Yahoo isn't the same as Google or Microsoft.

Yahoo have been going downhill for ages, I saw the security issues looming with them more than ten years ago, so I deleted everything off it (contacts, calendar, general emails) and just use it as a generic newsletter drop address and nothing else these days.

I think Yahoo may well have had their entire database hacked at one point or another...

[BobbyD]

Personally I would avoid having an aggregation account. It puts far too much information in a single place. Virtual aggregation using a single client to view multiple accounts means you can see all your email only if you have the device on which you view your email. Properly secure that device and I would argue you are a lot safer. Such clients are easy to come by whatever platform you use.

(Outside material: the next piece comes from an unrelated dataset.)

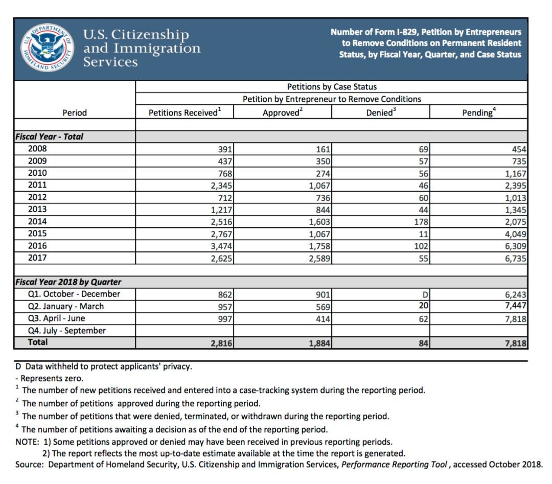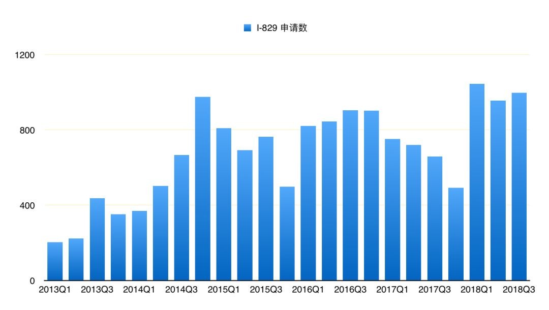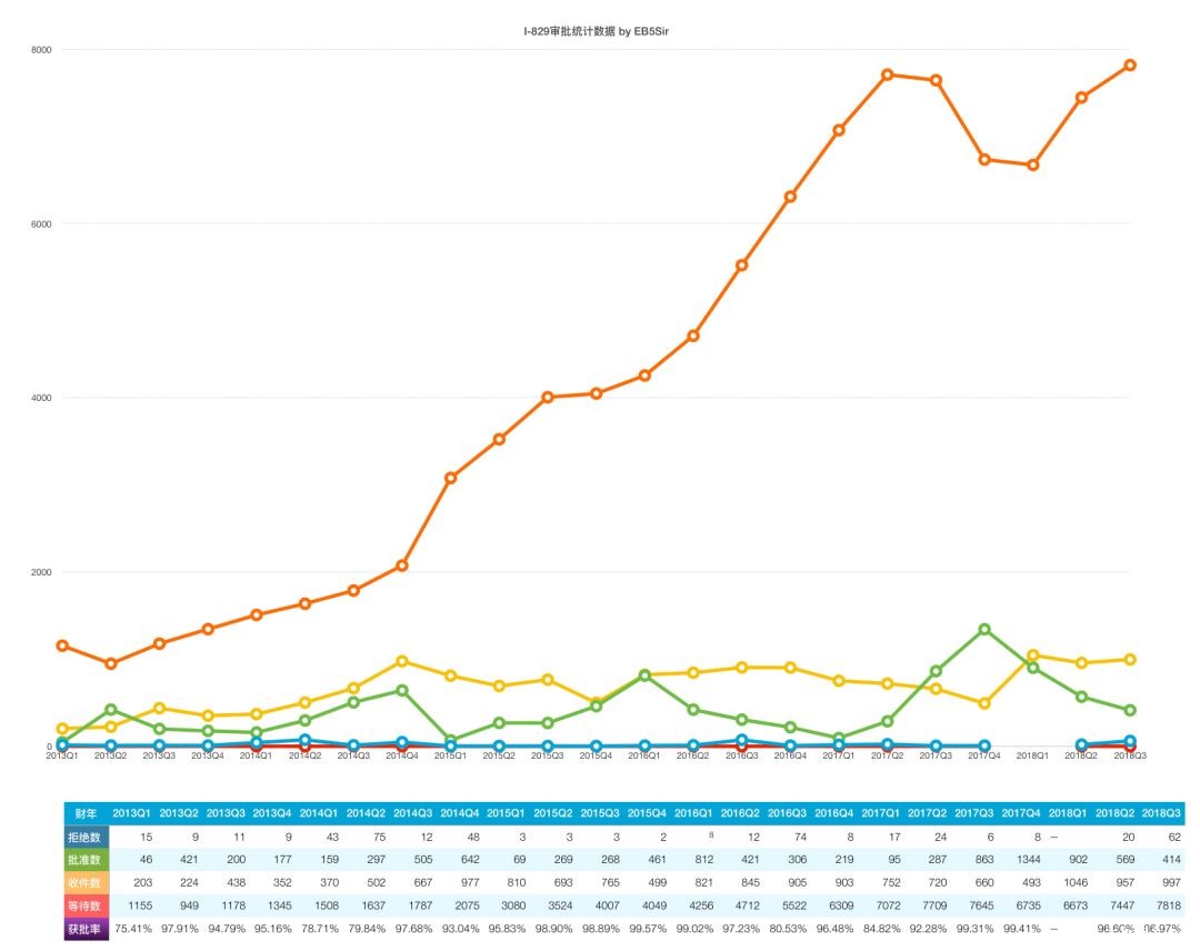 再来看看I-829,这一季度:申请数为997,比上一季度增加了40;审批数为414,比上一季度减少了155;拒件数为62,比上一季度增加了42;积压数为7,818,比上一季度增加了371。

Remember the Barclays customer whose investments were sold and the proceeds transferred while he was off sunning himself on a beach for two weeks because he had one account which told the hacker both who his broker was and when he would be on holiday?

Yahoo isn't the same as Google or Microsoft.

May no longer be true but microsoft webmail used to disregard everything after the first 16 digits of the password.

[Infrasonic]

Did the Barclays customer use two factor authentication across all their online services that offer it?

I'm guessing not, and in all probability left a trail of ID clues all over the internet through general ignorance of the issues.

Hacking bank accounts these days requires a bit more than access to someone's email account, aggregator or not.

I use a 9 digit ID encrypted Proton Mail account for anything sensitive, but have had zero security issues with my Hotmail account since 1998 or my Gmail account since 2004.

[BobbyD]

Did the Barclays customer use two factor authentication across all their online services that offer it?

I'm guessing not, and in all probability left a trail of ID clues all over the internet through general ignorance of the issues.

He might even have sought cyber security advice on an online forum...

I'm happy you are happy with your arrangements...

[GeoffF100]

In order to reset the passwords for your online financial accounts, a hacker has to compromise the device that you use to access your online accounts. The reset passwords get sent to your email. It is dangerous to access your email from the same device that you use to access your online accounts. Use a separate device. When I recently reset a password, I got a phone call to my landline, and had to type in a number. If a hacker just has access to your email, you are at risk only until you have logged into your account and changed the password. It occurs to me that using an obvious user name is probably not a good idea. It is, however, very worrying when an account is entirely online. I feel a request to change your nominated account should be verified by snail mail.